Treatment for Cellulitis
For typical uncomplicated cellulitis, use beta-lactam monotherapy (such as cephalexin 500 mg four times daily or dicloxacillin 250-500 mg every 6 hours) for 5 days if clinical improvement occurs, extending only if symptoms have not improved. 1, 2
First-Line Antibiotic Selection
Outpatient Oral Therapy for Uncomplicated Cellulitis
Beta-lactam monotherapy is the standard of care and achieves success in 96% of patients with typical nonpurulent cellulitis. 1, 2, 3
Recommended oral agents include: 1, 2
- Cephalexin 500 mg orally four times daily
- Dicloxacillin 250-500 mg orally every 6 hours
- Amoxicillin (standard dosing)
- Penicillin V 250-500 mg orally four times daily
- Amoxicillin-clavulanate 875/125 mg twice daily (particularly for bite-associated cellulitis)

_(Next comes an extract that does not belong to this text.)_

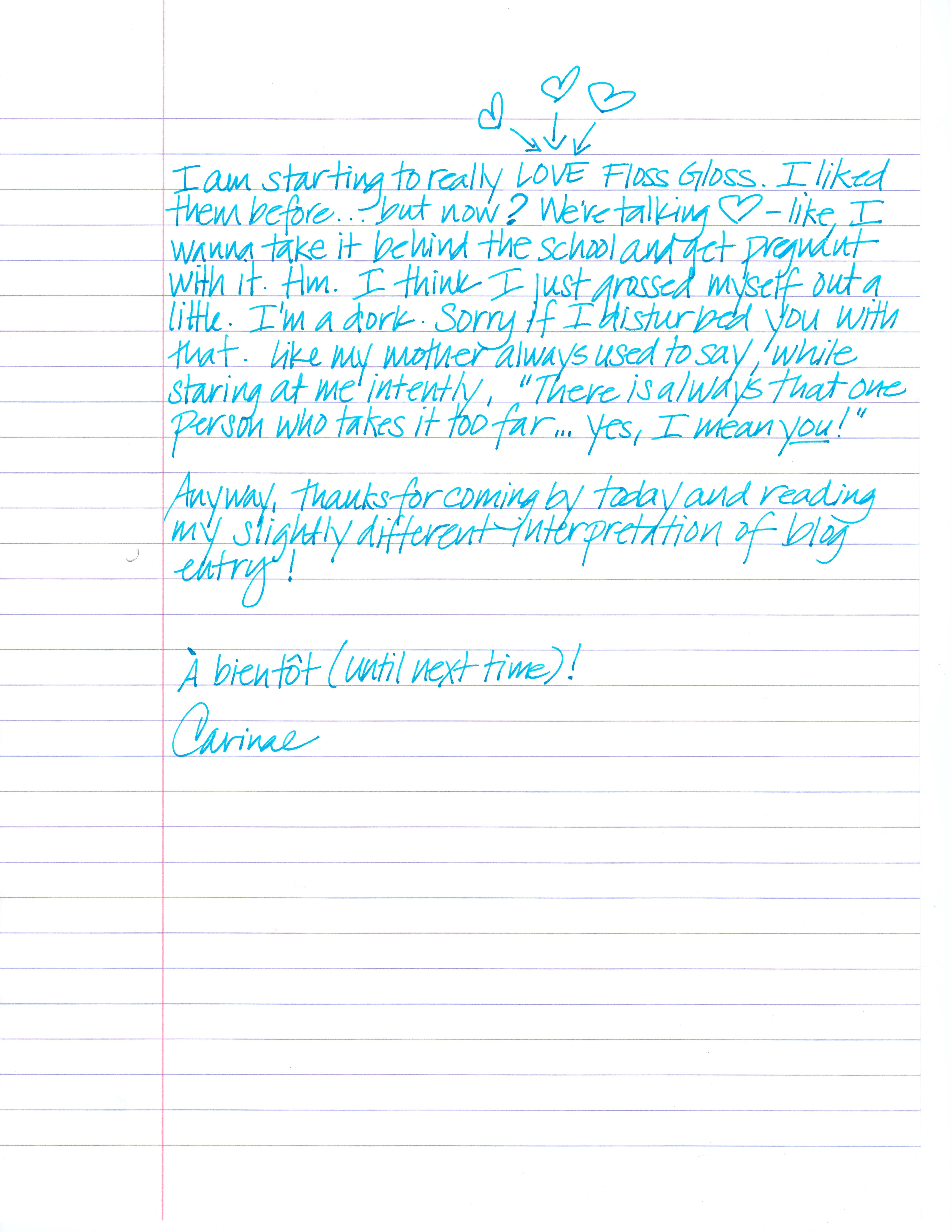 Hm…I have to say that in previews, this totally looks like I have a homework-eque kind of essay thanks to the paper I used. Oh well…I know that I’d never be able to write in a straight line so I’d rather have lines and look like a n00b than to have that slope that goes up or down. As long as you were able to read it, I don’t care!

For penicillin-allergic patients, clindamycin 300-450 mg orally four times daily provides single-agent coverage for both streptococci and MRSA, eliminating the need for combination therapy. 1, 2
Inpatient IV Therapy
For hospitalized patients with uncomplicated cellulitis requiring IV therapy, cefazolin 1-2 g IV every 8 hours is the preferred beta-lactam. 1, 2
Alternative IV beta-lactams include nafcillin or oxacillin 2 g IV every 6 hours. 1, 2
Patients can transition to oral antibiotics once clinical improvement is demonstrated, typically after a minimum of 4 days of IV treatment. 4
Treatment Duration
Treat for exactly 5 days if clinical improvement has occurred; extend only if symptoms have not improved within this timeframe. 1, 2
This represents a significant departure from traditional 7-14 day courses, which are no longer necessary for uncomplicated cases. 1
For severe or complicated infections requiring hospitalization, 7-14 days of therapy may be appropriate, guided by clinical response. 1, 2
When to Add MRSA Coverage
MRSA coverage is NOT routinely necessary for typical cellulitis, as MRSA is an uncommon cause even in high-prevalence settings. 1, 2, 3
Specific Indications for MRSA Coverage
Add MRSA-active antibiotics ONLY when these risk factors are present: 1, 2
- Penetrating trauma or injection drug use
- Purulent drainage or exudate
- Evidence of MRSA infection elsewhere or nasal MRSA colonization
- Systemic inflammatory response syndrome (SIRS)
- Athletes, children in daycare, men who have sex with men, prisoners, military recruits, or long-term care facility residents 3
MRSA-Active Regimens
For outpatient therapy requiring MRSA coverage: 1, 2
- Clindamycin 300-450 mg orally four times daily (monotherapy) - covers both streptococci and MRSA, but only use if local clindamycin resistance rates are <10%
- Trimethoprim-sulfamethoxazole (SMX-TMP) PLUS a beta-lactam (combination required)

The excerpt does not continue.